In practice the inverse map is only used with a fresh public key that was generated with the special procedure (method 1 or method 2). On top of that it fails half the time, forcing us to generate a new key pair and try again until it works. It makes sense to provide a higher-level function that handles the whole procedure:

void key_pair_deterministic(uint8_t representative[KEY_SIZE],
                            uint8_t secret_key    [KEY_SIZE],
                            uint8_t random_seed[32]);

The random_seed can be expanded with a stream cipher to provide enough randomness for an unlimited number of retries so that the whole function never fails. And it should be automatically wiped after use, which is why it is not const.

Note that this function does not need to provide the public key itself: the party that generates it will send the representative over the network, then only use the secret_key for key exchanges. Of course, the recipient will need the direct_map() to convert the representative they received and complete their end of the key exchange.

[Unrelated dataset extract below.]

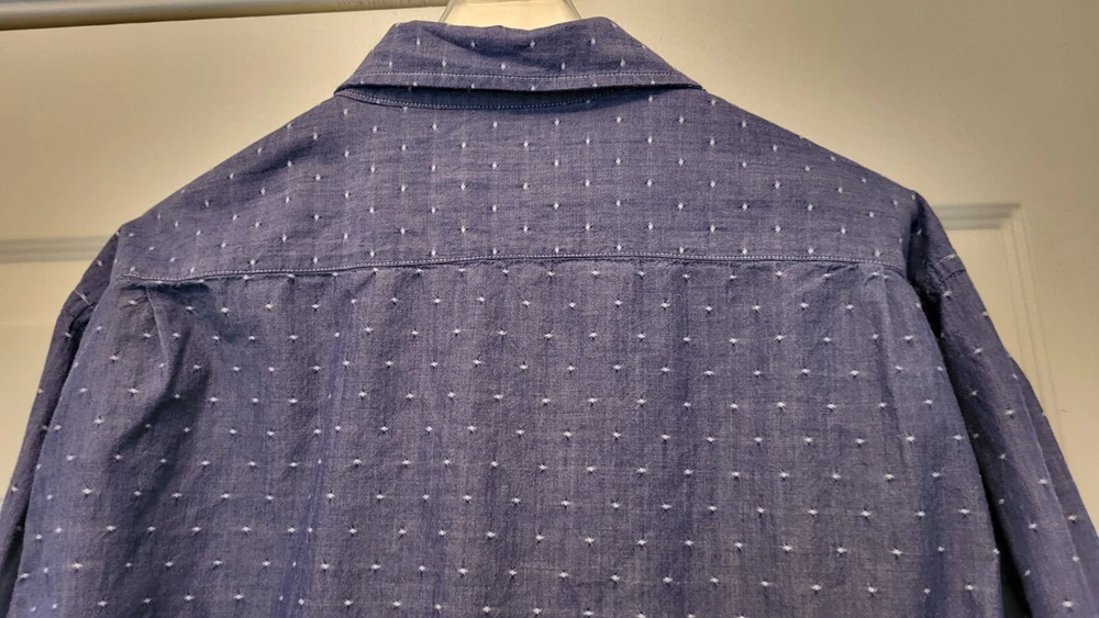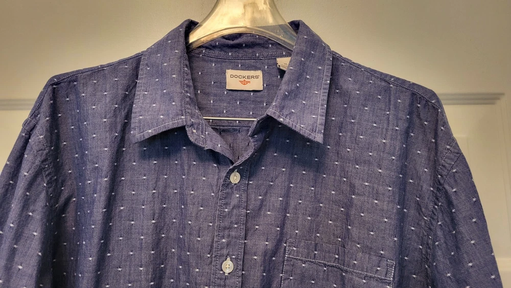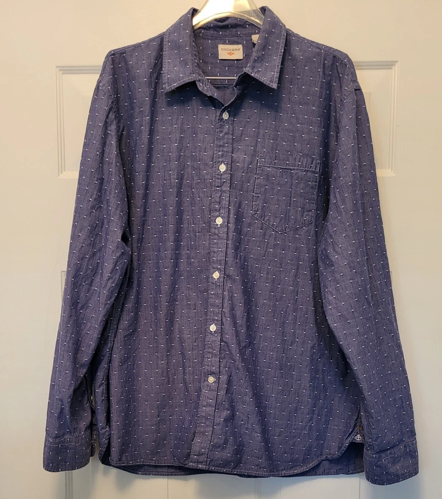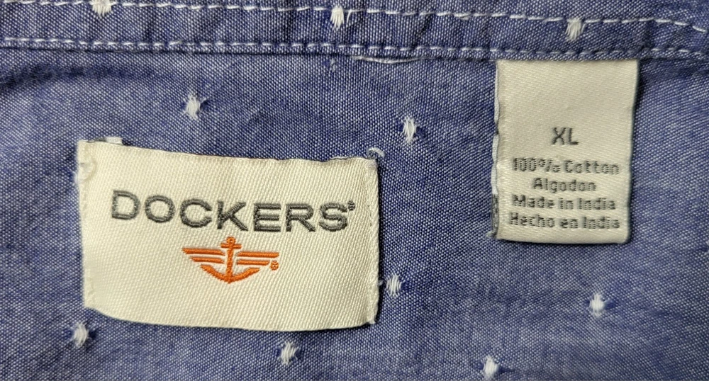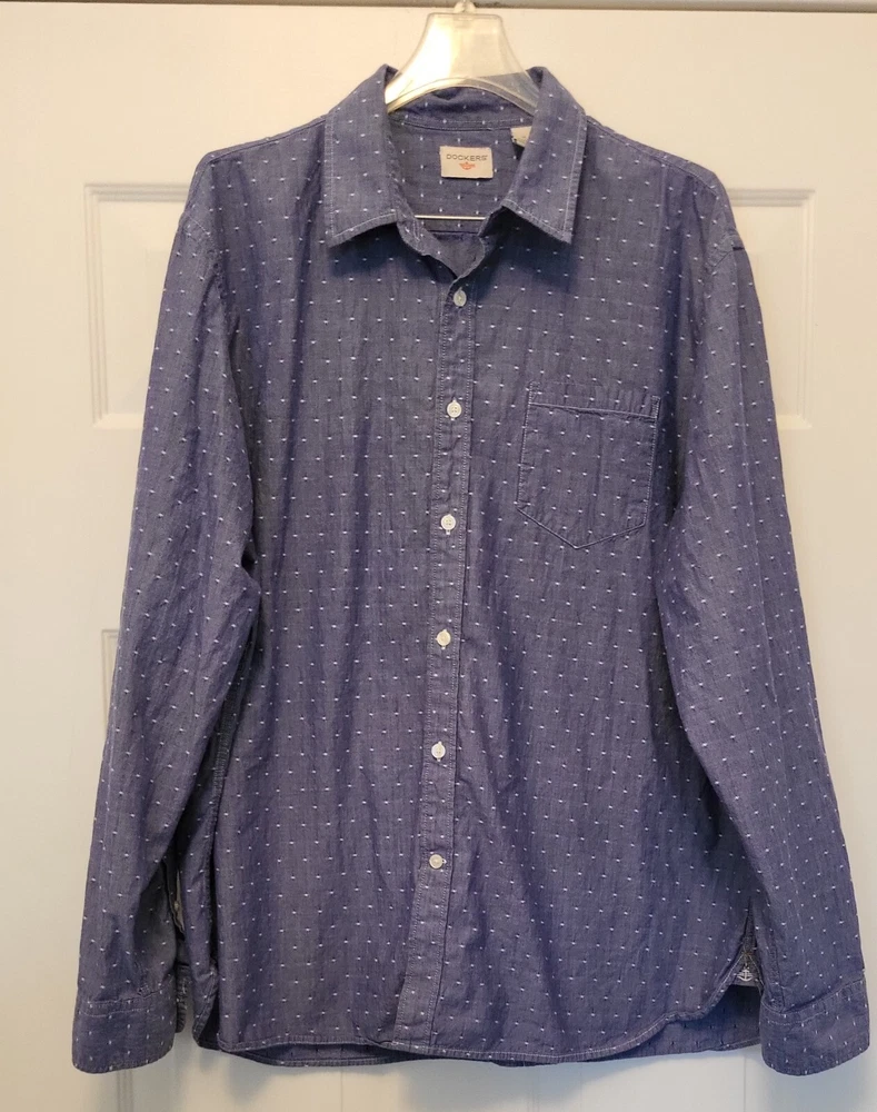 Elevate your wardrobe with the timeless elegance of the Dockers Men's Blue and White Button-Up Dress Shirt. Designed for the modern man, this regular fit XL shirt features a classic collared neckline with a sharp point collar style and long sleeves finished with barrel cuffs. The striking blue hue is complemented by the subtle spotted pattern, adding a touch of sophistication to your ensemble. Crafted from 100% cotton, this woven dress shirt ensures all-day comfort for any occasion, from business meetings to weddings. It's machine washable for easy care and boasts features like easy-care fabric and a handy pocket for functionality. Whether paired with slacks for work or denim for a casual outing, this shirt is versatile for both formal and casual settings throughout all seasons. Pit to pit measures 25 in Shoulder to hem measures 31 in Good pre-owned condition shirt! Add it to your wardrobe today!

Finally, you can provide one high-level function that gathers the randomness itself:

void key_pair_easy(uint8_t representative[KEY_SIZE],
                   uint8_t secret_key    [KEY_SIZE]);

It could call key_pair_deterministic() under the hood, or use the low level functions directly.

Alternative low-level API

Edwards curves and Ristretto implementations tend to have readily available point addition, which we can leverage to simplify the low-level API. The idea is to use the regular public key generation then add a random low order point in the same function that applies the inverse map.

This effectively removes one function from the low level API:

int inverse_map(uint8_t       representative[KEY_SIZE],
                const uint8_t public_key    [KEY_SIZE],
                uint8_t       random_tweak);

void direct_map(uint8_t       public_key    [KEY_SIZE],
                const uint8_t representative[KEY_SIZE]);

There is one crucial difference however: now the tweak determines the value of the low order component, which influences whether the inverse map succeeds or fails. Make sure you don't reuse the random bits of the tweak in this case.

Though this low-level API may be less error prone than the first, writing a high-level one is still recommended. We suggest you implement key_pair_deterministic() and key_pair_easy() on top of regular public key generation and the inverse_map() above.